Start of Information given
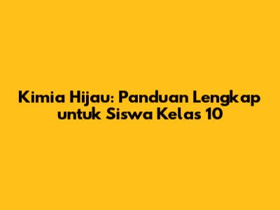 Kimia Hijau: Panduan Lengkap Untuk Siswa Kelas 10
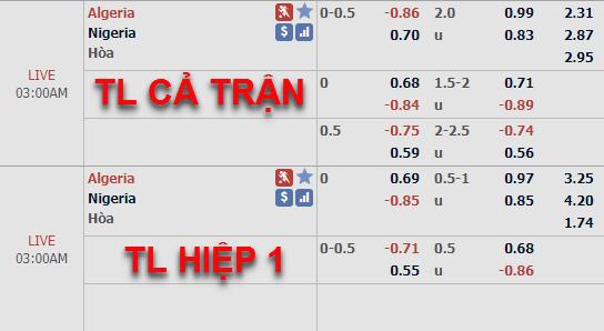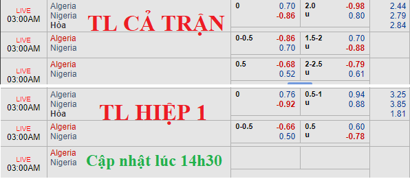 Tỷ lệ của trận đấu trên sàn giao dịch châu Á gần như không có biến động nào kể từ thời điểm chúng tôi cập nhật chiều hôm qua. Algeria vẫn đang được đánh giá ở cửa trên với tỷ lệ chấp 1/4 cho trận đấu này. Ở bên phía tỷ lệ tài xỉu của trận đấu cũng tương tự, mức tỷ lệ 2 hoà vẫn là tỷ lệ chính của trận đấu, mức điểm ăn của cửa xỉu có tăng đôi chút so với chiều qua.
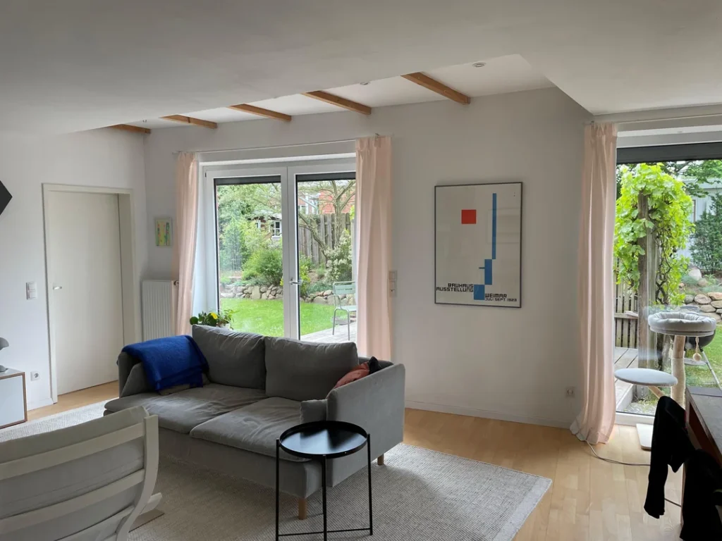 A Redditor paired soft blush pink linen curtains with white walls, light wood floors, exposed wooden ceiling beams, and a grey sectional. A Bauhaus exhibition poster on the wall adds the one bold graphic punch the space needs. The pink curtains appear on both sides of the room, flanking French doors and a terrace entrance. They stay open all the time because their job is purely decorative.
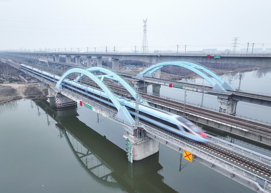 1月9日,列车驶过江苏省连云港市海州区境内的一座铁路桥(无人机照片)。新华社发(王春摄)
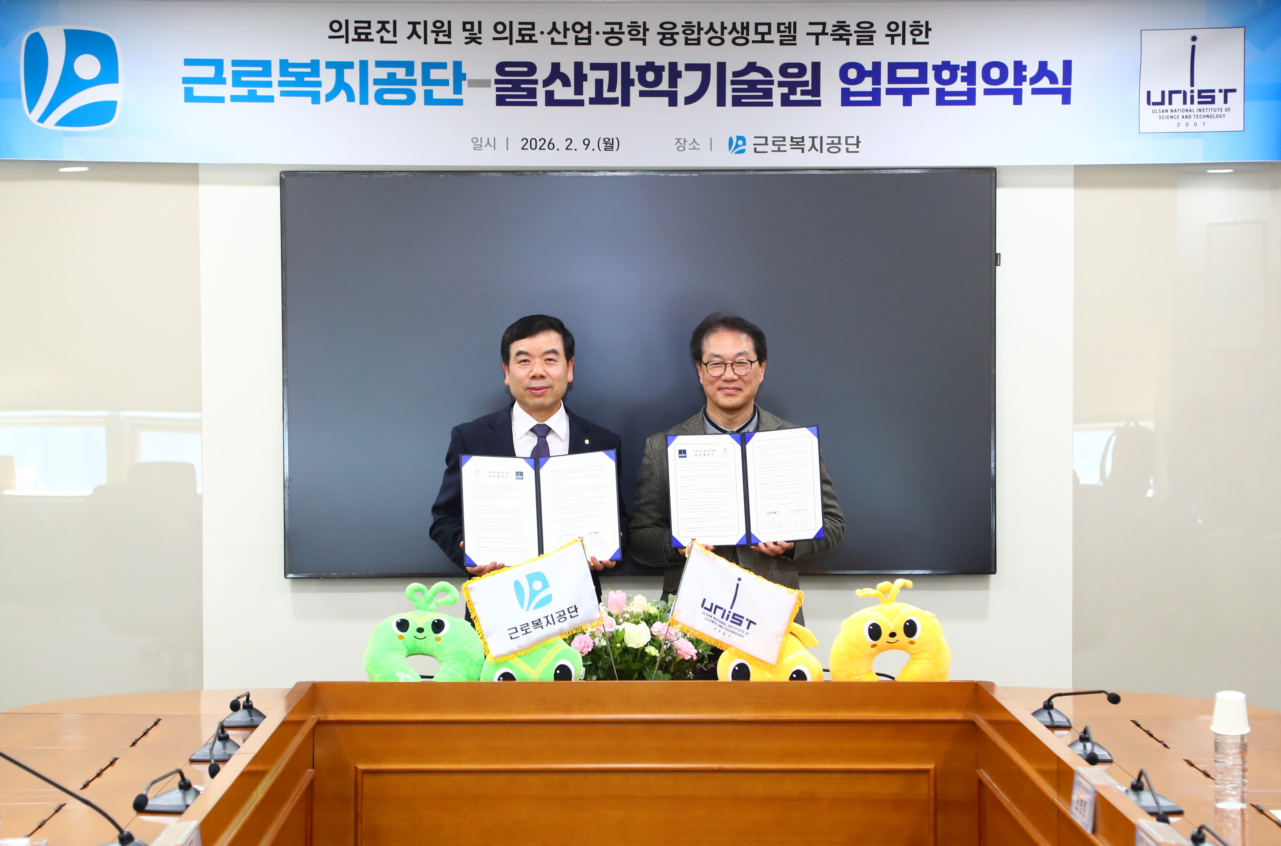 UNIST와 근로복지공단(이사장 박종길)은 9일 근로복지공단 본사에서 울산 산재전문 공공병원을 중심으로 한 의료·산업·공학 융합 상생 모델 구축을 위한 업무협약(MOU)을 체결했다.
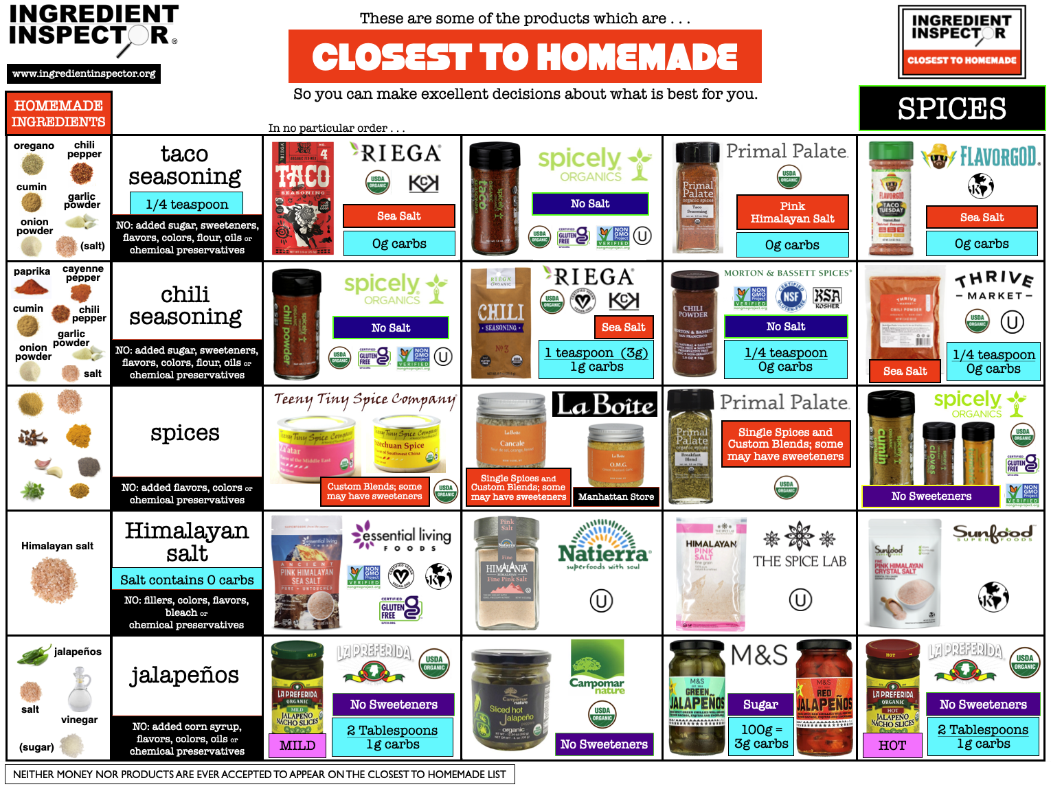 Ingredient Inspector certifies products in over 300 food and beverage categories whose ingredients are closest to those we would use at home if we were making this item from scratch in our kitchens as Closest To Homemade.
End of Information given
Action item:
Without the pictures, give every line above again exactly.

Answer section:
 Kimia Hijau: Panduan Lengkap Untuk Siswa Kelas 10
 Tỷ lệ của trận đấu trên sàn giao dịch châu Á gần như không có biến động nào kể từ thời điểm chúng tôi cập nhật chiều hôm qua. Algeria vẫn đang được đánh giá ở cửa trên với tỷ lệ chấp 1/4 cho trận đấu này. Ở bên phía tỷ lệ tài xỉu của trận đấu cũng tương tự, mức tỷ lệ 2 hoà vẫn là tỷ lệ chính của trận đấu, mức điểm ăn của cửa xỉu có tăng đôi chút so với chiều qua.
 A Redditor paired soft blush pink linen curtains with white walls, light wood floors, exposed wooden ceiling beams, and a grey sectional. A Bauhaus exhibition poster on the wall adds the one bold graphic punch the space needs. The pink curtains appear on both sides of the room, flanking French doors and a terrace entrance. They stay open all the time because their job is purely decorative.
 1月9日,列车驶过江苏省连云港市海州区境内的一座铁路桥(无人机照片)。新华社发(王春摄)
 UNIST와 근로복지공단(이사장 박종길)은 9일 근로복지공단 본사에서 울산 산재전문 공공병원을 중심으로 한 의료·산업·공학 융합 상생 모델 구축을 위한 업무협약(MOU)을 체결했다.
 Ingredient Inspector certifies products in over 300 food and beverage categories whose ingredients are closest to those we would use at home if we were making this item from scratch in our kitchens as Closest To Homemade.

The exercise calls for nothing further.